Fernando Mires 21 de septiembre de 2014
El pensamiento es ejercicio
relacional. Por lo mismo, suele suceder que entre dos hechos dispares pero
ocurridos al unísono, aparezcan imprevistas cadenas asociativas. Lo pude
comprobar cuando en la TV fueron dadas a conocer dos noticias, una detrás de la
otra: la penúltima decapitación realizada por el EI y la elección de la serie
Breaking Bad como la más popular de los últimos diez años. ¿Qué tiene que ver
lo uno con lo otro? Aparentemente nada. Nada con excepción de que en ambos
casos vemos a través de la pantalla a la maldad en sus más radicales
expresiones
Ahí hay un problema. Nos guste o no,
la representación de la maldad ejerce fascinación entre múltiples espectadores.
En el mundo islámico cientos de
jóvenes se identifican con los cortadores de cabezas. Quizás la decapitación
representa para ellos el triunfo biológico de una religión verdadera sobre una
“falsa”. Puede ser también que las cabezas cortadas reactiven mitos arcaicos.
Mientras en el lejano pasado era
practicada la castración, es decir, la extirpación de los órganos de
reproducción, hoy es llevada a cabo la extracción del órgano del pensamiento:
la cabeza. El odio al pensamiento occidental se transforma así en odio a las
cabezas que lo producen. Sin intención de jugar con palabras, los decapitadores
de EI estarían haciendo una transición que va desde la fase fálica a la
ce-fálica.
Más difícil aún es explicar por qué
miles de “civilizados” espectadores occidentales se sintieron tan fascinados
por la maldad que destila la serie Breaking Bad. Aparte de los méritos
cinematográficos y del innegable suspenso –no me perdí un solo capítulo- creo
advertir que en no pocos existe una cierta identificación con Walter White, el
héroe negativo del filme.
Entiéndase: no se trata de escenas de
crueldad. En muchos otros thrillers hay espectáculos que superan lejos a las
maldades de Breaking Bad. No obstante, en la mayoría de ellos nos identificamos
con el bien, casi siempre representado por un sagaz inspector, llámese Columbo
o Wallander. En Breaking Bad, en cambio, con excepción del último capítulo
donde un leve triunfo del bien aparece metido casi a la fuerza, el objeto de
identificación es un personaje radicalmente malvado.

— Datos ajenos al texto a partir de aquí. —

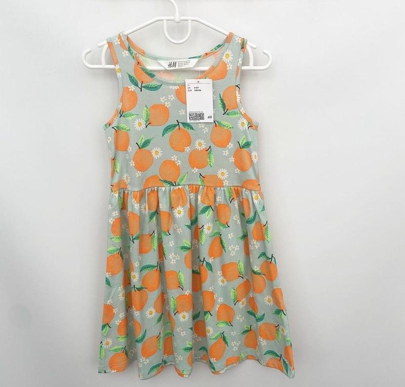 Плаття сарафан h&m для дівчинки Яскравий літній принт 🍊 Чудовий варіант в спеку 🏷️ бавовна 📐Розмір-2-4р(104 см) 📐4-6р(116 см) 📐6-8р(128 см)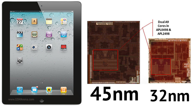Keďže sa jedná len o jednoduchý prechod z 45nm výrobného procesu na 32nm, žiadne zmeny sa v architektúre neudiali, z čoho vyplýva nulový nárast výkonu. Avšak podľa porovnávacích testov zo serveru Andatech, sa pri revízii iPadu druhej generácie viditeľne zväčšila výdrž na batériu. Konkrétne pri surfovaní prostredníctvom Wi-Fi pripojenia,  je výdrž staršieho iPadu 2 10,1 hodín, zatiaľ čo novší iPad 2 vydrží až 11,7 hodín. Pri hraní hier s 3D grafikou, dokáže modernejší výrobný proces predĺžiť životnosť na batérie o 1,78 hodiny a pri prehrávaní videa o 2,4 hodiny. Dôležité je spomenúť, že teplota zariadenia sa v prípade revízie znížila o jeden stupeň. Keďže všetky ostatné súčiastky vrátane batérie, sú pri oboch modeloch identické, slúžia tieto dve verzie iPadu 2 ako skvelý príklad toho, čo dokáže zmeniť menší a hlavne modernejší výrobný proces, pri mobilných zariadeniach a počítačoch.

Pero Walt –este es el punto- no
siempre fue malo. El mal aparece en Walt como resultado de un proceso de
auto-corrupción. No por casualidad el film se titula Breaking Bad. En versión
libre: “ir corrompiéndose de a poco”. Walt en un comienzo era un tipo como “tú
y yo” cuyos “dispositivos del mal”
fueron siendo activados lentamente. El mensaje entonces es claro: “Todos
podemos ser tan malos como Walt”. Es cosa de proponérselo.
¿No ocurre lo mismo con los
decapitadores islámicos? Ninguna religión, la islámica tampoco, proclama literalmente
el mal; todo lo contrario. Y sin embargo, cuando contemplamos a los malhechores
podemos comprobar como el mal, en su más radical expresión, se ha apoderado de
ellos. Quizás los decapitadores fueron en un comienzo simples creyentes,
después soldados, más tarde terroristas, para terminar siendo lo que hoy son:
exhibicionistas asesinos: ¿Un Breaking Bad colectivo?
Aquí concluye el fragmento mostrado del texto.